An Approach Toward the Solution of the World Food Problem with Special Emphasis on Protein Supply

E. E. HOWE 1, G. R. JANSEN 1, and M. L. ANSON 1

1 From Merck Institute for Therapeutic Research, Rahway, New Jersey

In the developing countries almost two-thirds of the world's population subsists predominantly on cereal grains and a much smaller number on cassava and other root crops. New sources of protein must be supplied to the cassava-consuming populations. Those subsisting on grain will receive enough protein if their caloric requirements are satisfied, but the quality of the protein is inadequate. The most pressing nutritional problem is to supply an adequate caloric intake. This can only be done by controlling the rate of population expansion and increasing the efficiency of cereal production.

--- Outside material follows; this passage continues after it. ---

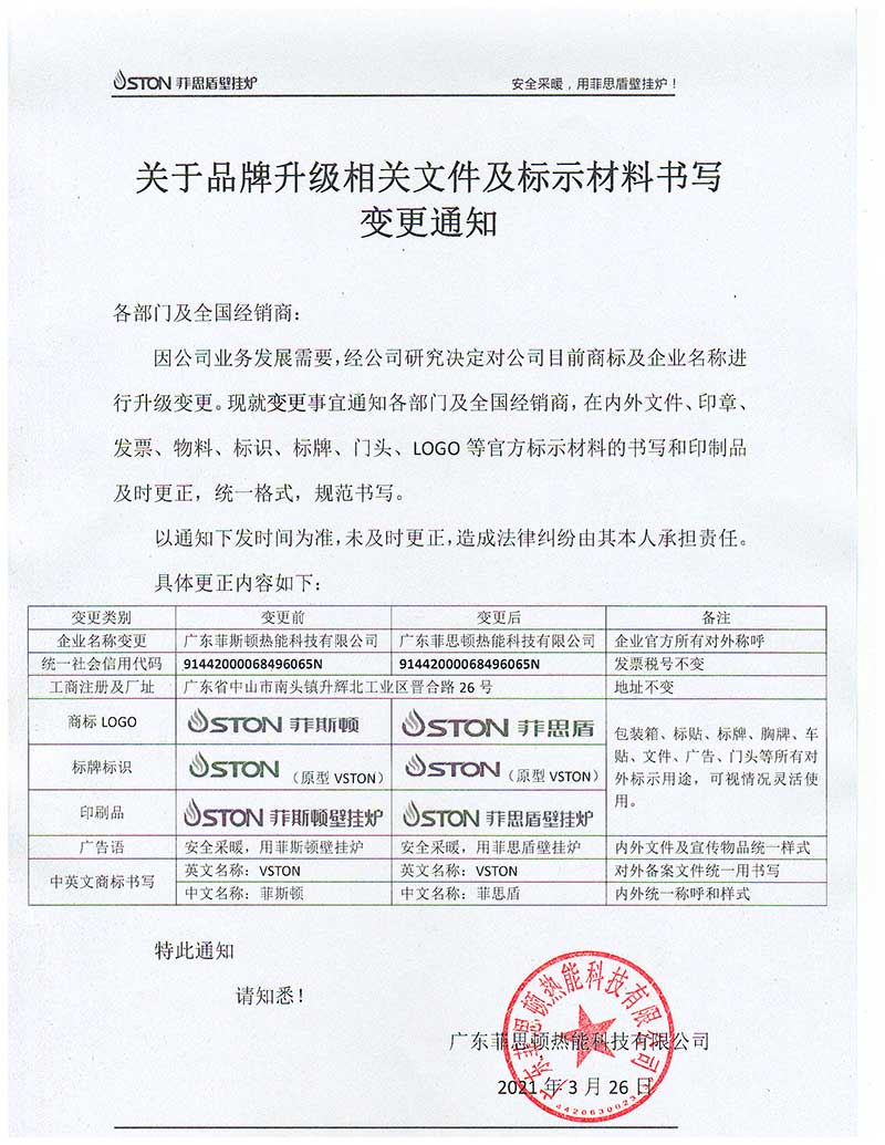 因公司業(yè)務發(fā)展需要,經公司研究決定對公司目前商標及企業(yè)名稱進行升級變更。現(xiàn)就變革事宜通知各部門及全國經銷商,在內外文件、印章、發(fā)票、物料、標識、標牌、門頭、LOGO等官方標示材料的書寫和印制品及時更正,統(tǒng)一格式,規(guī)范書寫。

If sufficient calories are supplied there will be deficiciencies of protein, vitamins, and minerals. The most rapid and least expensive way of correcting these deficiencies is by mandatory supplementation of each cereal during central processing to make each nutritionally adequate when used as the sole source of food. This can be done without changing the taste or appearance of the cereals so that food practices need not be changed and no time-consuming educational program will be necessary. The cost of ingredients will vary from $0.25 to $2.00 per person per year depending upon the grain consumed and the size and age of the individual. Such a course of action will greatly improve the health of the people and with acquired technology they will gradually be able to purchase the more expensive but desirable high-quality foods which will be made available through normal channels of the nation's economy. It is in this area, as raw materials, that the protein concentrates have their greatest potential. These concentrates must be formulated into attractive, nutritious foods purchased because they are appealing and not because they are nutritious.